This resource is primarily designed for beginner to intermediate data scientists or analysts who are interested in identifying and applying machine learning algorithms to address the problems of their interest.

A common question asked by a newbie when faced with a wide variety of machine learning algorithms is, "Which algorithm should I use?" The answer to the question depends on several factors, including:




The size, quality and nature of the data.

Available computational time.

urgency of work.

What do you want to do with the data.

Even an experienced data scientist cannot tell which algorithm will perform best before trying different algorithms. We're not advocating a one-to-one approach, but we do hope to provide some guidance based on some obvious factors on which algorithms to try first.

Machine Learning Algorithms Cheat Sheet

The Machine Learning Algorithm Cheat Sheet helps you choose from various machine learning algorithms to find the right one for your specific problems. This article walks you through the process of using Leaflet.

Since the cheat sheet is designed for beginner data scientists and analysts, we'll make some simple assumptions when we talk about algorithms.

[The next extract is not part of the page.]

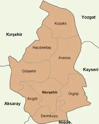 Nevşehir province is divided into 8 districts (capital district in bold):
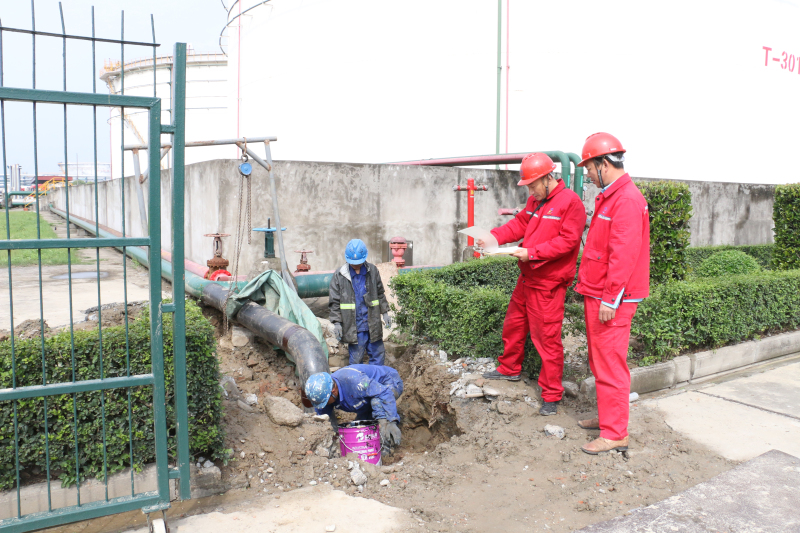 储运党支部书记、油品储运一公司总经理张大立,党员、油品车间副主任张小平对消防水管线防腐施工进行安全监护。

The algorithms suggested here are the result of feedback and suggestions compiled from multiple data scientists and machine learning experts and developers. There are many issues on which we have not reached an agreement and for these issues we try to highlight the similarities and resolve the differences.

Additional algorithms will be added later as our library grows to include a more complete set of available methods.

how to use cheat sheet

Read the path and algorithm label on the chart as "if <path label> then use <algorithm>". for example:

If you want to do dimension reduction then use principal component analysis.

If you need a numerical prediction quickly, use decision trees or linear regression.

If you need a hierarchical result, use hierarchical clustering.

Sometimes more than one branch will apply, and other times none of them will be a perfect match. It is important to remember that these paths are intended to be rule-of-thumb recommendations, so some recommendations are not accurate. Many data scientists I spoke to said that the only surefire way to find the best algorithm is to try them all.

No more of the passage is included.